3. Bangkok Dangerous

This slow-moving and sour remake of the Asian film of the same name features Cage sleep-walking through his role as Joe, a world-weary, loner assassin who heads to Thailand to perform the textbook "one last job." As an English-speaking white man in Bangkok, Joe finds himself the proverbial fish out of water. His mission is to carry out a handful of contract killings on behalf of crimelord Surat, after which he will retire. As almost every other hitman movie has taught us, nothing ever goes according to plan for an assassin.

Bangkok Dangerous is riddled with as many genre cliches as it is bullets. There's the loner hitman who cannot allow himself any attachments (romantic or otherwise). That's because he has four rules that he lives by, which he will, of course, break one by one as the story proceeds. That's fine, though, because this is his last job and then he's going to walk away. Hopefully, the hitman's lover won't find out what he really does for a living because losing her would rob him of his one last shot at redemption or a normal life.
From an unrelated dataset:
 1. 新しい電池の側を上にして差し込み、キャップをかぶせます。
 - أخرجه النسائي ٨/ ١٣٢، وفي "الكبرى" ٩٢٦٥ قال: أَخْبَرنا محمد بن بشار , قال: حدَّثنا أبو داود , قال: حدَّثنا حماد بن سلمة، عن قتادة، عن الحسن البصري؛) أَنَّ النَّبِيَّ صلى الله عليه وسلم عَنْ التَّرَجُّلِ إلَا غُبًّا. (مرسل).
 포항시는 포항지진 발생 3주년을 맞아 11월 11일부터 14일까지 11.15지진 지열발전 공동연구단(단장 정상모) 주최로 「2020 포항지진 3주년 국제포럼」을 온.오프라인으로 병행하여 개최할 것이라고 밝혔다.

The hitman can't quit his trade, however, until he takes on a pupil (who reminds him of his younger self) and mentors him in his dark art.

2. Next

Las Vegas showroom magician Cris Johnson (Nicolas Cage) is tormented by both a gift and a curse: He can see a few minutes into the future. Sick of the examinations he underwent as a child and the interest of government and medical establishments, he lies low under the assumed name "Frank Cadillac," performing cheap tricks and living off small-time gambling "winnings." But when a terrorist group threatens to detonate a nuclear device in Los Angeles, FBI agent Callie Ferris (Julianne Moore) must use all her wiles to capture Cris and convince him to help her stop the impending attack. Unfortunately, the villains have discovered Cris' Achilles' heel: his newfound love interest Liz (Jessica Biel), who somehow manages to expand Cris' clairvoyant abilities beyond a mere two minutes (insert stupid sex joke here). After Liz is captured, Cris and the FBI must race against time to save her and L.A. from certain doom.
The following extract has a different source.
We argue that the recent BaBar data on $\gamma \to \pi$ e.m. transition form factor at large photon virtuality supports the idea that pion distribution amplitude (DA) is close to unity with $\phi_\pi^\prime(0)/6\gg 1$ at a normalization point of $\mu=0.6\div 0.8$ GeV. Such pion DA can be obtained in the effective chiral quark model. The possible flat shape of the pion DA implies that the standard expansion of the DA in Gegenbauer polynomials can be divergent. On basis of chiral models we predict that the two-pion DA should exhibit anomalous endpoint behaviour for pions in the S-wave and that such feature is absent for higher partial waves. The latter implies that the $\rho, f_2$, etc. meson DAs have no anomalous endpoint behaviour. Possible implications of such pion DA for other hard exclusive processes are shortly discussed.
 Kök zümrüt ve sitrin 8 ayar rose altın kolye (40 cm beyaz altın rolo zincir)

Next has a nifty but ultimately frustrating gimmick that propels it forward, a high concept that can't mask the fact that the story and characters are seriously lacking in dimension. While Cris is an affable freak, is that credit due more to Cage -- who specializes in playing such charming oddballs -- than to what's on the page? While Next has a few fun and inventive moments sprinkled throughout, mostly revolving around the use of Cris' power, it collapses into an exhausting litany of action movie cliches before exposing itself as a total mindjob in the end.

1. The Wicker Man

Director Neil LaBute's remake of the 1973 cult classic stars Nicolas Cage as Edward Malus, a cop who is haunted by the visceral image of a car that exploded while he was attempting to rescue the mother and daughter within. He soon receives a mysterious letter from a past flame he has been unable to forget. In the letter, she asks for his help to find her missing daughter. Compelled by the letter, Malus travels to a mysterious private island where he discovers a cult community of women living within a pagan society hundreds of years removed from modern times. After speaking with his former lover Willow (Kate Beahan), Malus sets out to turn the island over searching for her missing daughter. Ellen Burstyn portrays the island's overseer, Sister Summersisle. Leelee Sobieski, Molly Parker and Francis Conroy play supporting parts.
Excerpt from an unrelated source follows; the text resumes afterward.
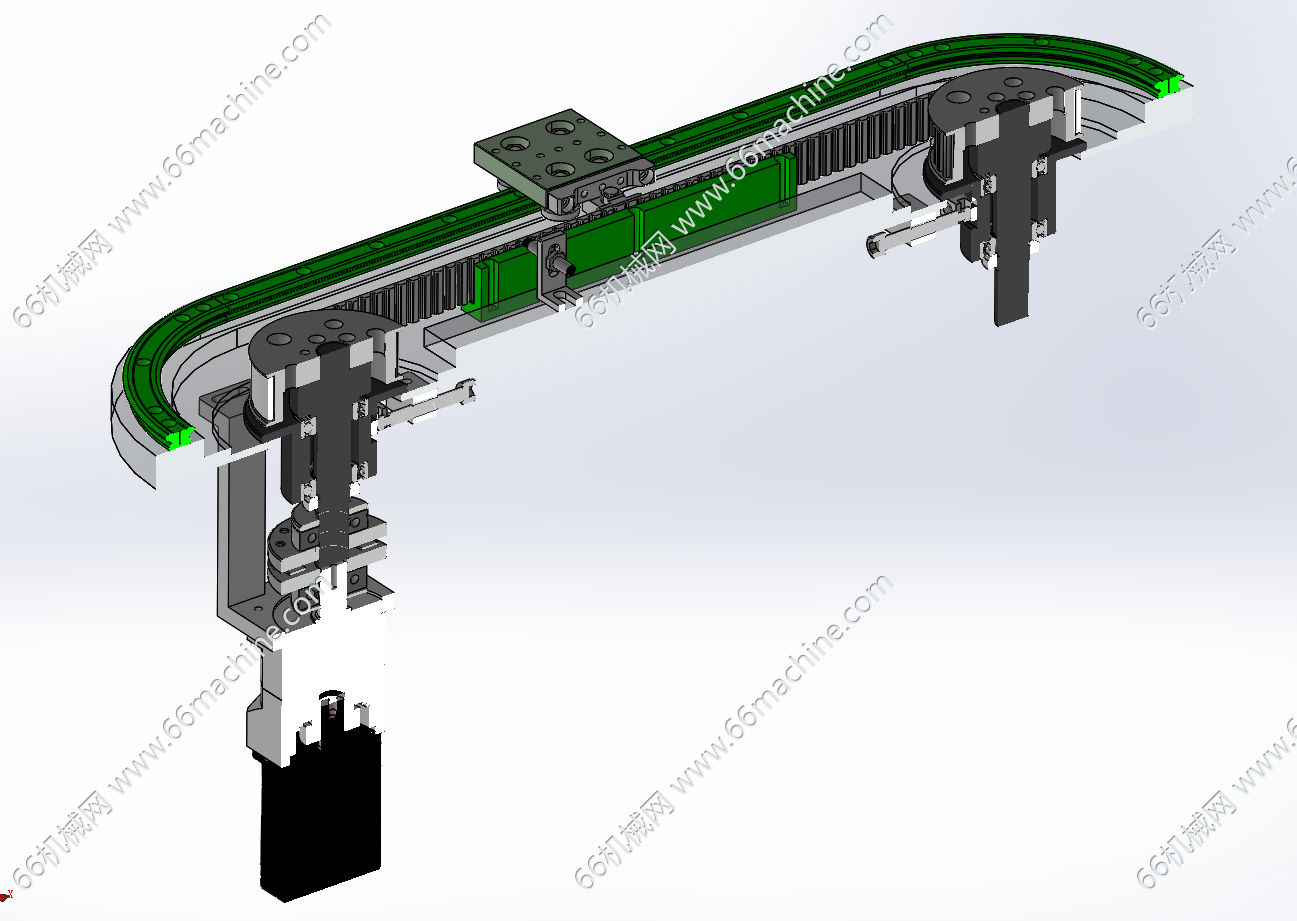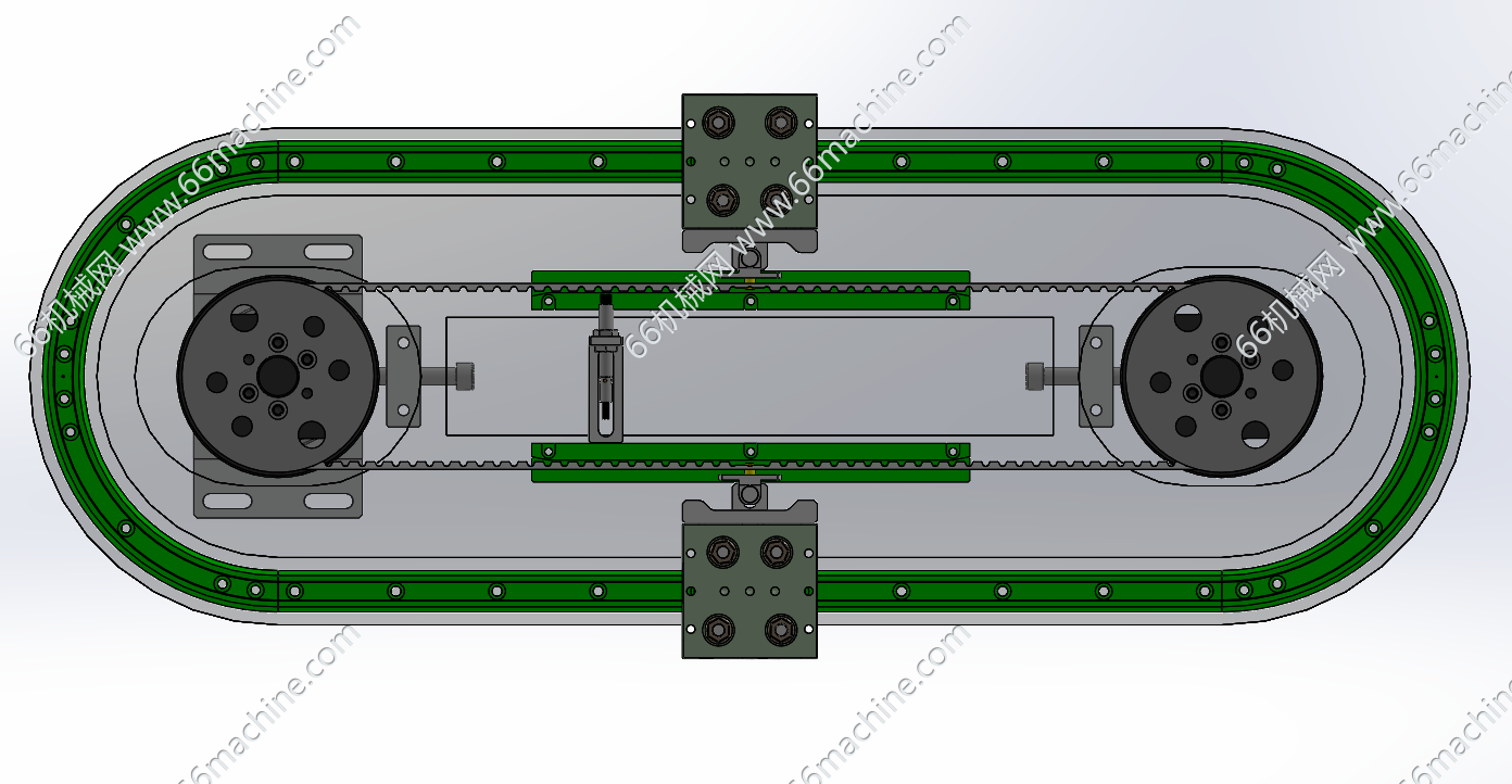 本模型为双工位椭圆同步带环形导轨,采用伺服电机驱动带轮旋转进而带动滑座旋转,采用V25导轨,圆弧直径255mm,该环形导轨结构简洁,重复定位精度高,欢迎下载参考!

My word, this is a bad, baaad film. What starts as a decent enough thriller soon devolves into one ludicrous sequence after another, culminating with Cage punching a woman out to steal her bicycle, masquerading in a bear costume to infiltrate a cult ritual, and finally being subjected to torture by bees -- the bees!! -- before the islanders stage their own version of Man on Fire. Cage's histrionics only make the finale more ludicrous and unfortunate since the same basic ending worked fine in the original film.